Are my expectations too high?

Here's the story. So I'm 30. Married, homeowner, just had my first baby in January. My mom lives with me. My parents divorced when I was 2. Mostly due to a difference in thinking in regards to finances. She's not what I would call financially responsible. She was supposed to pay rent. She doesn't. She was supposed to watch my son while I was at work 2 days a week. She doesn't. She works at a grocery store, anytime we ask her to bring something home she conveniently doesn't have money or forgets her debit card. I take medication for depression. I have major depressive disorder with suicidal ideation, anxiety, trichotillomania, dermatillomania, and mild OCD. Mixed with PPD and new mother anxiety. I just went out of work on disability because I'm really struggling lately. Add to that, 6 month sleep regression. I don't shower. I don't sleep. I'm in a bad spot. (Don't worry, my son is clean and fed and in no danger whatsoever, he is the reason I wake up everyday and while I can't/don't take care of myself he is well taken care of. He's the reason I'm breathing and typing this right now) My mother knows I'm struggling. She comes home from work, eats dinner, showers, and sleeps at her boyfriends probably 4/5 nights a week. Yesterday I couldn't get the baby to sleep all day. She had off today and needed to be home because we have family visiting from out of town for lunch. Last night she ate dinner, and went to her boyfriends. I had to go to the store for a few things this morning. Our family was coming for lunch around noon. My son didn't sleep last night. So at 8am she starts texting me that she won't be home till 11am.

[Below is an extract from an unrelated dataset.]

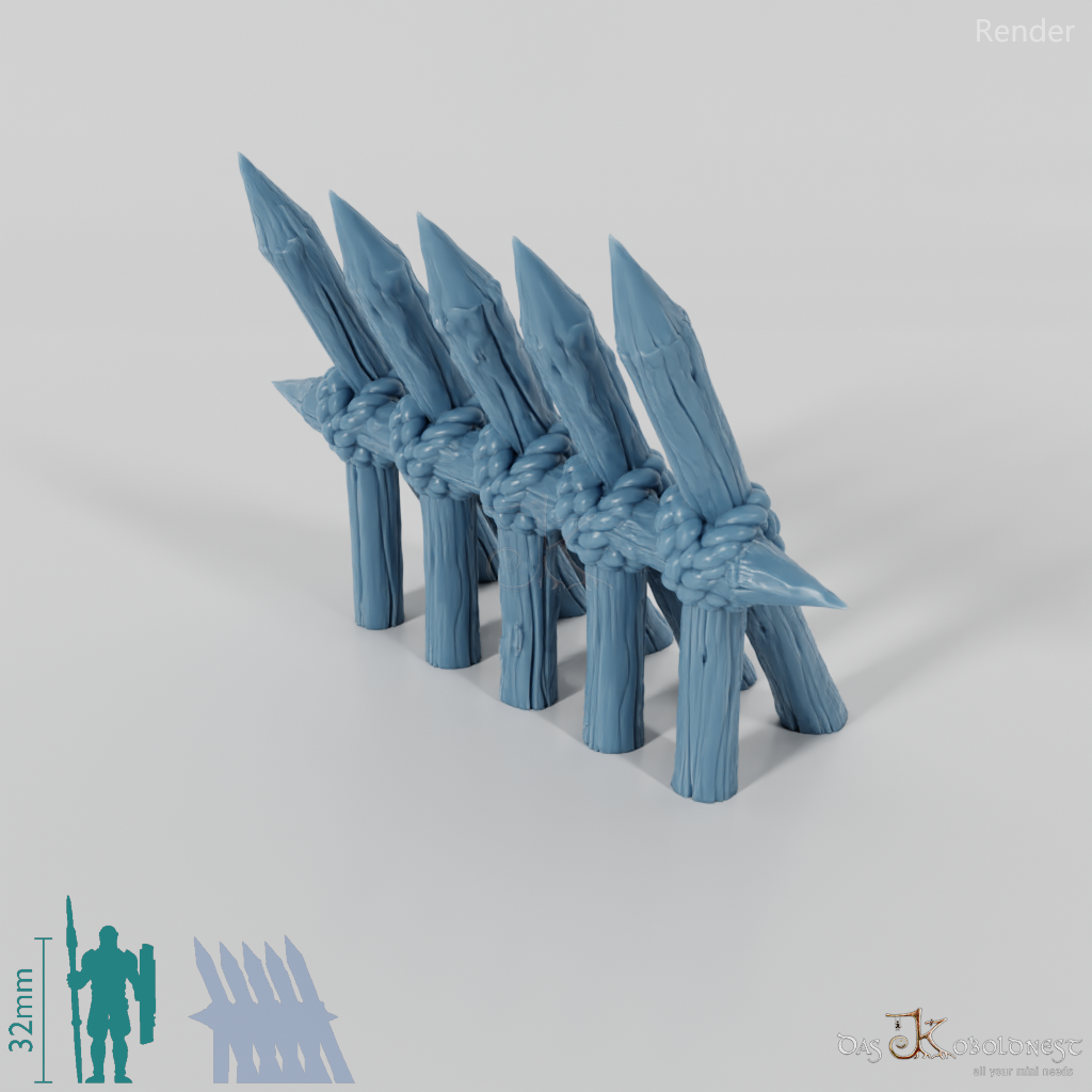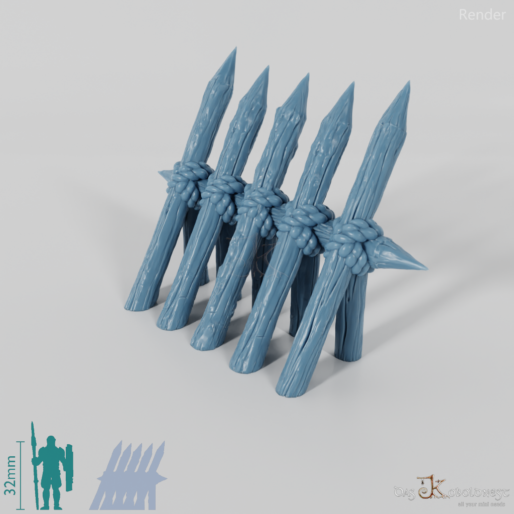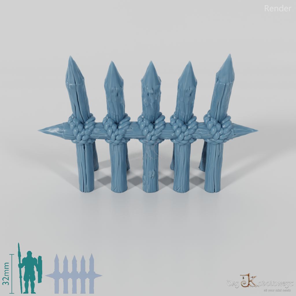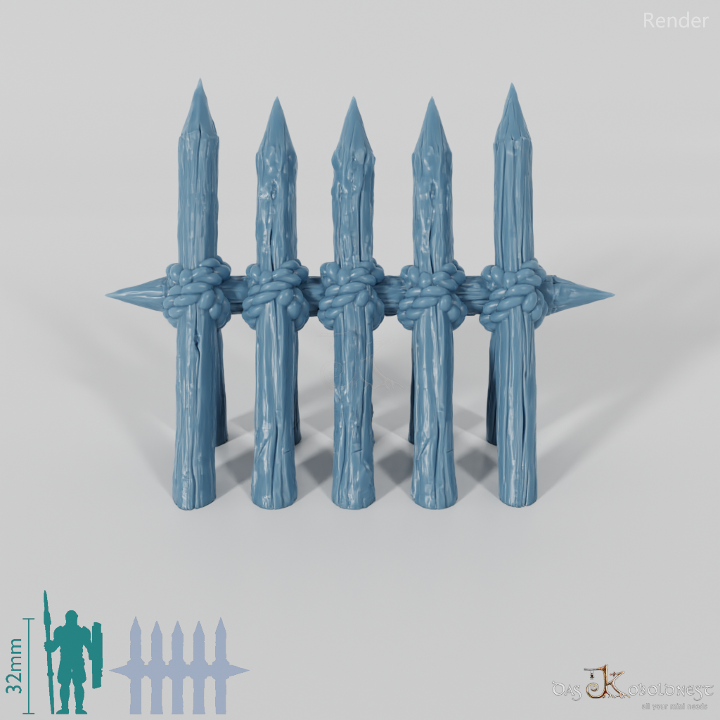Mit dicken Seilen vertäute, angespitzte Holzstämme

Mind you, she's not doing anything, she's off and she's just hanging out at her boyfriends. So now I have to take my miserable tired 6 month old (and self) to the store with me to get what I needed for lunch today. Great. I wanna strangle her. I understand he's my child. I understand she has a life. I don't understand how she could live here, for free, not help with anything, come and go as she pleases, and not feel even a little guilty. Honestly, I don't think I'm asking too much. Let me take a nap. Or run an errand. I'm not asking her to stay up all night with the baby. Are my expectations too high?